# La. prepares to open spillway, flood Cajun country



## legalskier (May 14, 2011)

_Army engineers are preparing to slowly open the gates of an emergency spillway along the rising Mississippi River. That will divert floodwaters from Baton Rouge and New Orleans, but inundate homes and farms in parts of Louisiana's populated Cajun country. About 25,000 people and 11,000 structures could be in harm's way when the Morganza spillway is unlocked for the first time in 38 years. Sheriffs and National Guardsmen going door-to-door in the area warning people of the impending flood. Gov. Bobby Jindal is telling area residents, "that water's coming" and "now's the time to evacuate." *** *Opening the spillway will release a torrent that could submerge 3,000 square miles under as much as 25 feet of water*._
Full story: http://www.google.com/hostednews/ca...qM5jK5BNfEP2GNdbTXTdCIGM7LBTo_A?docId=6849005


----------



## Nick (May 20, 2011)

It's wild. Every day some other huge flood or unprecedented storm. These are crazy times. 

Just wait until the Internet fails.


----------



## legalskier (May 20, 2011)

Definitely wild...

_*Giant snake flees Mississippi floods*
This photo, purportedly taken near Louisiana's Morganza Spillway, is simultaneously horrifying and kind of amusing. The snake just looks so purposeful, with its head raised like that. As though it's out running some errands, or on a morning commute._





http://www.boingboing.net/2011/05/17/giant-snake-flees-mi.html


----------



## snoseek (Jun 2, 2011)

legalskier said:


> Definitely wild...
> 
> _*Giant snake flees Mississippi floods*
> This photo, purportedly taken near Louisiana's Morganza Spillway, is simultaneously horrifying and kind of amusing. The snake just looks so purposeful, with its head raised like that.
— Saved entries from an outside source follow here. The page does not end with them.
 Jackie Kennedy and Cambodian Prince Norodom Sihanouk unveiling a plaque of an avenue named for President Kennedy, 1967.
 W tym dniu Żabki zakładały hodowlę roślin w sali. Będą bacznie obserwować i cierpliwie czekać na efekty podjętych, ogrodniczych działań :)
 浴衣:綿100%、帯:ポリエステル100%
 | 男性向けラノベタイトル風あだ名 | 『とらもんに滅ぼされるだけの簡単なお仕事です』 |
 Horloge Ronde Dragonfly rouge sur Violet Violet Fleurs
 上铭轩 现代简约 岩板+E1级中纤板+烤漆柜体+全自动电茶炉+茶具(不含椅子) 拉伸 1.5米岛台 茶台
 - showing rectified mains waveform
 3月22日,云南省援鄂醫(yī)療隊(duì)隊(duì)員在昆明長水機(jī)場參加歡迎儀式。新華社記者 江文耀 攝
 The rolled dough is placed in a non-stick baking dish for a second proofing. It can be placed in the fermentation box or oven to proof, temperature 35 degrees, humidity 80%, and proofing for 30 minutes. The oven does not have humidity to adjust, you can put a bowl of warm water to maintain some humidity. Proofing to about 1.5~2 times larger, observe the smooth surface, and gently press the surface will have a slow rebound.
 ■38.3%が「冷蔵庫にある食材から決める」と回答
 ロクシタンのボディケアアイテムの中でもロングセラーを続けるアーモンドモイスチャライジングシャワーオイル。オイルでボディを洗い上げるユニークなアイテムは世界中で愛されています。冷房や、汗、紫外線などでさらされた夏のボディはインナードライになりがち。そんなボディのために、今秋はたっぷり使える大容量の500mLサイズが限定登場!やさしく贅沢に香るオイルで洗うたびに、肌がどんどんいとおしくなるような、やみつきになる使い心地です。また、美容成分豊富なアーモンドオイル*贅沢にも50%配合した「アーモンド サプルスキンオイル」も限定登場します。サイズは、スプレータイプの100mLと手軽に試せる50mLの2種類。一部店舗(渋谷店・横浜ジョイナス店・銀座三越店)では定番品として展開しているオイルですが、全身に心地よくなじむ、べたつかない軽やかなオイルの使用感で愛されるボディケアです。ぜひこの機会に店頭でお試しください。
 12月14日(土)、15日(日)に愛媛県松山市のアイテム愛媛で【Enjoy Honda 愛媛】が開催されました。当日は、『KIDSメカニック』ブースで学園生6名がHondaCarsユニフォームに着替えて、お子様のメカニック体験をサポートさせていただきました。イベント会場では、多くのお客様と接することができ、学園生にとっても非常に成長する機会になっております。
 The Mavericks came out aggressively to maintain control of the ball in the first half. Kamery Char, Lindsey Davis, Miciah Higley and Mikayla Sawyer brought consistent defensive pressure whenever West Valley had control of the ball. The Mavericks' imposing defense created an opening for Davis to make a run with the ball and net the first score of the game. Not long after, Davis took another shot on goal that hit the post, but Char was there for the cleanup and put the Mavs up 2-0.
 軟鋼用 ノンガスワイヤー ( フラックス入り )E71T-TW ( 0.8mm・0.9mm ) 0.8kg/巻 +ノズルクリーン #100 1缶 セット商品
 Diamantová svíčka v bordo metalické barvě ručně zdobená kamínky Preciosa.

As though it's out running some errands, or on a morning commute._
> ...



As someone who is terrified of snakes I have to say that is one of the most disturbing things I've seen in a while!


----------



## deadheadskier (Jun 2, 2011)

that's nuts

I wonder what kind of snake it is and how long it is?  

I'd piss myself being within 100 feet of something like that on the loose.


----------